Absence, or something like it, features in his current show, Squeegee Paintings. That’s squeegee as used in silkscreen printing. Is there something of a metaphorical act of erasure in the work? A clearing of the decks. Certainly, actual erasure, dragging a squeegee across a paint-laden surface and removing most of the physical substance of the pigment, plays a primary role in the creation process. The painting is what remains, an aftermath. It’s a bold strategy, but he manages it with elan.

Difficult method

It's difficult to make paintings using a squeegee, and to draw attention to this process by so titling the work, without bringing to mind the German painter Gerhard Richter, who, probably more than any other contemporary artist, has used a squeegee. There is Andy Warhol, of course, but his Factory operatives were actually making silkscreen prints. When Richter moved beyond representation to make abstract paintings, he used several implements besides brushes, including putty knives and, most notably, and extremely, squeegees, sometimes on an enormous scale.

Richter has a knack for seriously annoying the more critical observers of his work – for reasons that are not entirely clear. That he would have the gall to make abstract paintings annoyed many people. That he professes not to understand a great deal of what he's doing annoys them too. One series of squeegeed abstracts is called the Bach series, and a more recent one the Cage paintings. That's Cage as in John Cage the composer, and Bach as in JS, the composer. But the connections are not illustrative. It seems that Richter was listening to recordings of Cage's collected works for piano as he was making the Cage paintings.

In fact, the first Cage painting began with a grid-like monochrome pattern, not unlike some works by Mark Francis (currently showing outstanding work at the Kerlin Gallery), based on mineral microstructures, and became something else entirely. The Cage paintings are more added to than subtracted from in the course of their making. They are masses of intermixed pigment dragged this way and that, usually up and down. They can't help but suggest associations with landscape: rain, cloud, mist, water.

‘Explosive landscapes’

Armstrong's paintings are much more subtractive, and he quotes Helen Frankenthaler as an epigraph: "If I am forced to associate, I think of my pictures as explosive landscapes . . ." Indeed, he plays continually on the associations with landscape in his paintings, exploiting the way we try to make sense of an image and look for a way to read it, rather than just letting it be. That ragged profile of green, surely it's a mountain ridge? Armstrong is adept at planting clues and then disowning them, leaving it up to the viewer to decide.

Speaking of explosive landscapes, back in the late 1990s he visited volcanic sites in the Mediterranean and made a series of paintings that delighted in the molten, fluid, abstracted world he found there, and that state of flux and uncertainty has been a constant in his work since.

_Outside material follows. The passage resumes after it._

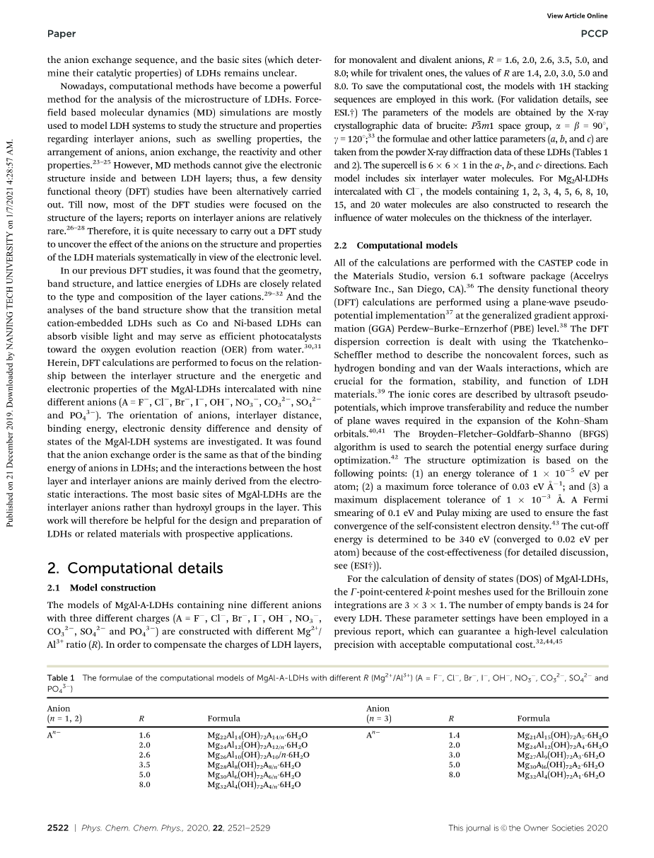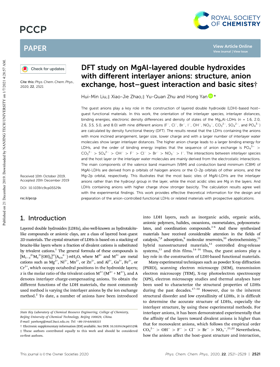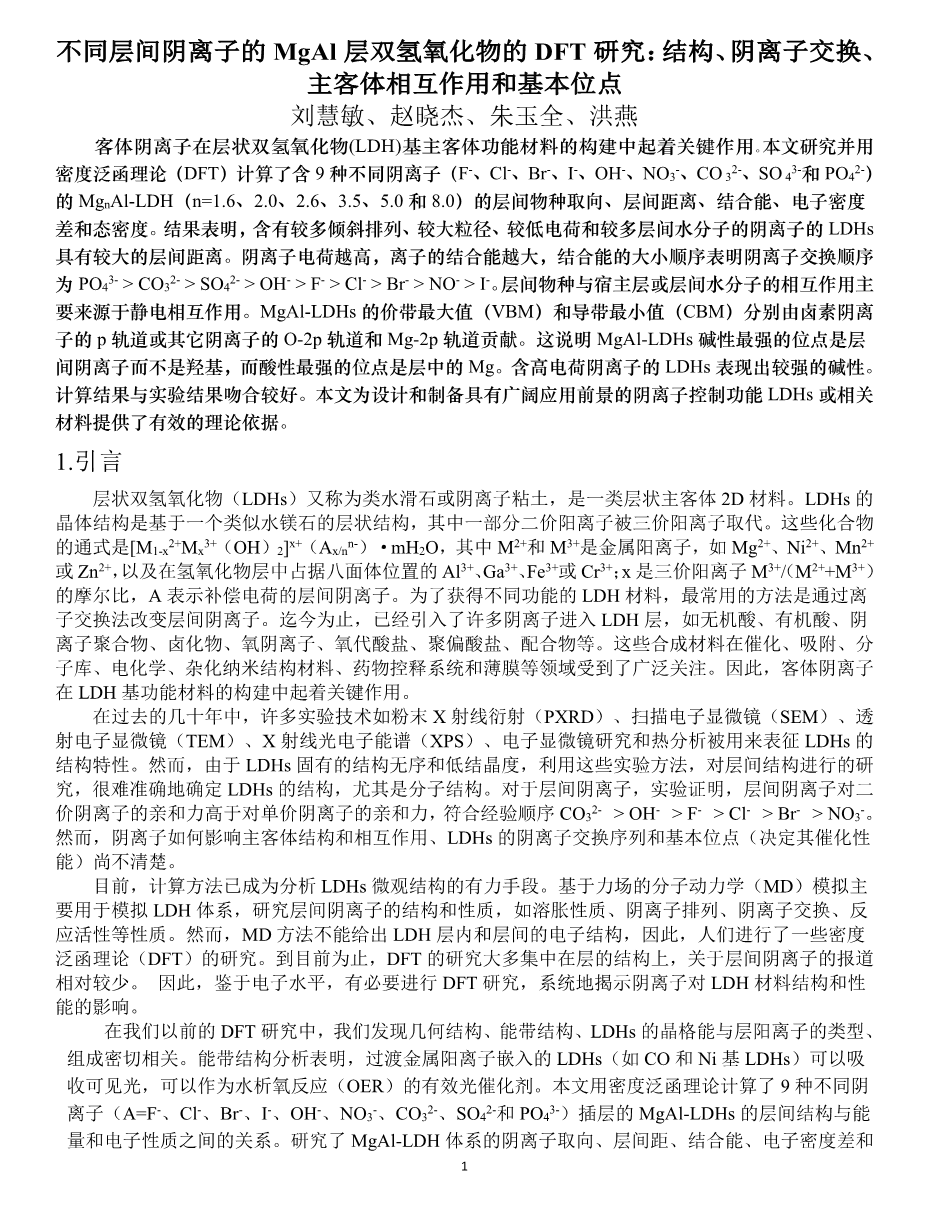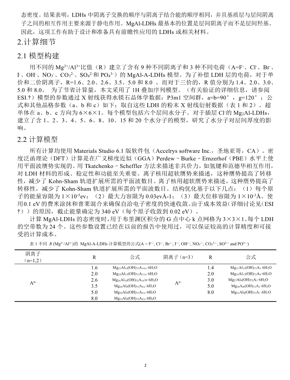 不同层间阴离子的MgAl层双氢氧化物的DFT研究:结构、阴离子交换、 主客体相互作用和基本位点外文翻译资料

The landscape transformed, whether through the magic of biblical narratives – the pillar of cloud, say, which he has recurrently addressed – or phenomena such as the Sri Lankan rock column that was reputedly covered by perhaps the largest fresco painting ever, draws him. Then there was a South Sea island that was in the process of disappearing, year on year, as the sea continues to rise. So the Squeegee Paintings are a logical development, taking us to the point where the waters lap over the last traces of land peeking above the waves.

The most minimal work, Clearing, for example, is incredibly spare – the squeegee has cleared away nearly all pigment, leaving a trace, a memory in the gessoed weave of the linen – but it is seething with energy nonetheless.